> [Problem requirements] Exact reproduction is required for the lines below starting at the line with "刀祢貴大さんの総運は36画の3点!" and ending at the line with "Pinocchio Monstro Escape", both included. No other lines, and no pictures.

> [Task inputs]
* * *

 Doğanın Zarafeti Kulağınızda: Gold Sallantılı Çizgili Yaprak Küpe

* * *

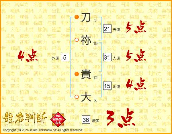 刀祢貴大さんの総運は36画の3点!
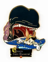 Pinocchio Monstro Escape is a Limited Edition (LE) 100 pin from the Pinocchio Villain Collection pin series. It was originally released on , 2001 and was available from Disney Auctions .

* * *

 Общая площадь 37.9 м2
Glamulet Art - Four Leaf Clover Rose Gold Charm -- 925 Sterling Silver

* * *

> [Problem solution]
 刀祢貴大さんの総運は36画の3点!
 Pinocchio Monstro Escape is a Limited Edition (LE) 100 pin from the Pinocchio Villain Collection pin series. It was originally released on , 2001 and was available from Disney Auctions .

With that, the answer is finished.